SOCHI, Russia (AP) — Kamila Valieva headed a Russian women’s podium sweep at the figure skating Rostelecom Cup on Saturday to underline her status as favorite for the Olympic gold medal in Beijing.

The 15-year-old Valieva landed three quadruple jumps, two of them in combinations, to Ravel’s “Bolero” and scored 185.29 points in the free skate for a 272.71 total. Her short program, free skate and overall scores at the competition were all world records.

Valieva won by a crushing margin of 43 points from Elizaveta Tuktamysheva, the 2015 world champion who doesn’t perform quad jumps but has stayed in contention with consistently strong triple jumps and presentation skills.

Tuktamysheva scored 229.23 to stay ahead of fellow Russian Maiia Khromykh, who had two quad jumps, stepping out on the landing of one of them. Khromykh’s score of 219.69 reflected her strong recovery from an erratic short program as she took the final podium spot ahead of Mariah Bell of the United States.

Russian women have secured five of the six qualifying places for next month’s Grand Prix Final in Japan as they fight for the country’s three Olympic quota spots. The highest score by a women’s skater other than Valieva this season is 236.78 for world champion Anna Shcherbakova in Italy this month.

Russia won three of the four disciplines overall on Saturday. Men’s winner, Morisi Kvitelashvili, represents Georgia but was born in Moscow and trains there with coach Eteri Tutberidze, the coach behind many of Russia’s Olympic and world championship-winning women’s skaters over the last decade, including Valieva, Shcherbakova and Khromykh.

Kvitelashvili became the first Georgian to win a figure skating grand prix after edging out Mikhail Kolyada and Kazuki Tomono in a tight contest.
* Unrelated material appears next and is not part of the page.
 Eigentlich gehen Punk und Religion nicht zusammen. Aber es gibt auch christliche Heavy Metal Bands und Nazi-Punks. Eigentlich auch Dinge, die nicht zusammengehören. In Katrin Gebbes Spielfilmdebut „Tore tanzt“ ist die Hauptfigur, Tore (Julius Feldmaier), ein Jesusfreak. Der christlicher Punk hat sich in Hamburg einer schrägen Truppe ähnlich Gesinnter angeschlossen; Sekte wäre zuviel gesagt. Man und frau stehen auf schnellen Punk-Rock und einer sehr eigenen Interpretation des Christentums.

Each of the top three skaters fell once in a free skate decided by close judging calls as Kvitelashvili won with a score of 266.33, pipping Kolyada on 264.64 and Tomono on 264.19.
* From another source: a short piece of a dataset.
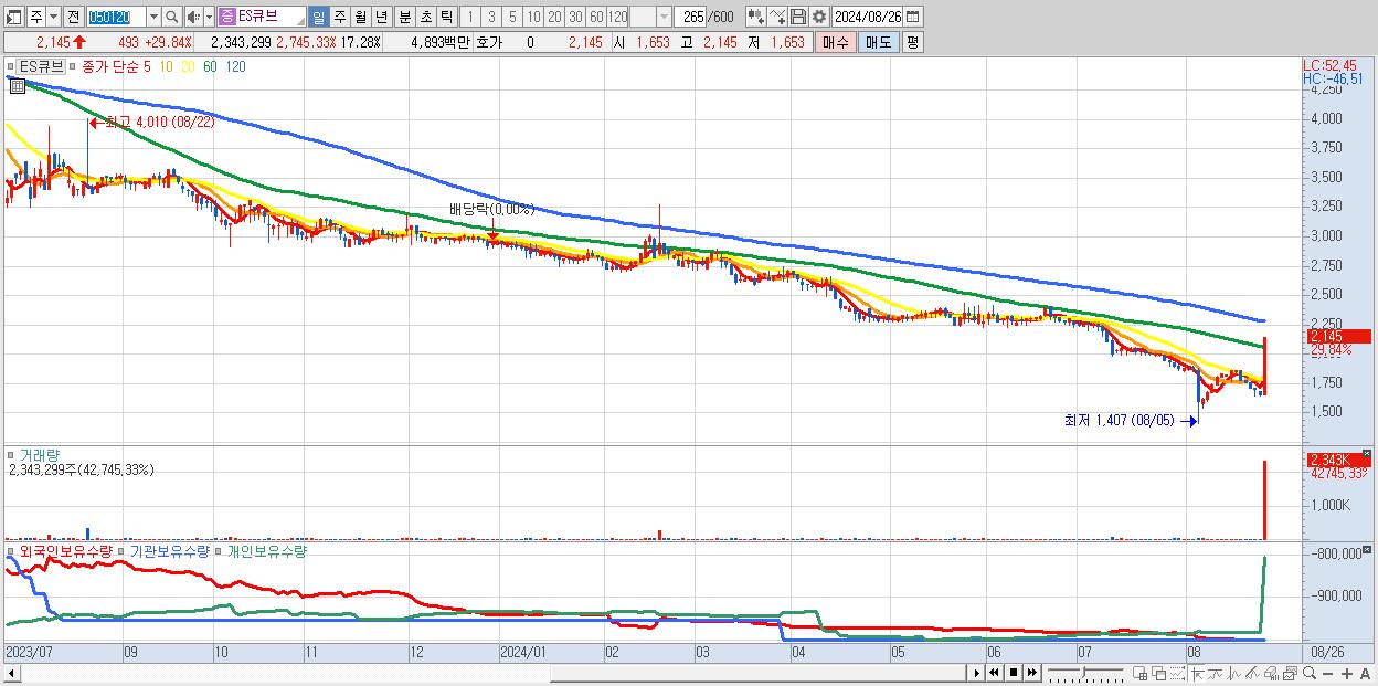 2.ES큐브 2,145원 ▲ 29.84% (KOSDAQ, 050120)

Tomono was the leader from the short program and, skating last to music from the movie “La La Land,” was clean on two of his three quadruple jumps but fell on a triple axel. That helped to ensure he couldn’t overtake Kvitelashvili, who overcame his own fall on a quad toe loop in his program to a Frank Sinatra medley.

Russian skater Kolyada had the best free skate score with 180.16 as he rose from fourth in the short program to second and secured a spot at the Grand Prix Final.

Russia swept the podium in the pairs as world champions Anastasia Mishina and Aleksandr Galliamov dominated the free skate after second place in the short program, to win with an overall 226.98 points.

Daria Pavliuchenko and Denis Khodykin were second on 212.59 and Iasmina Kadyrova and Ivan Balchenko took third on 193.58.

There was another Russian win in ice dance after Victoria Sinitsina and Nikita Katsalapov scored 211.72 to beat Italy’s Charlene Guignard and Marco Fabbri by eight points and Canada’s Laurence Fournier Beaudry and Nikolaj Soerensen by 20.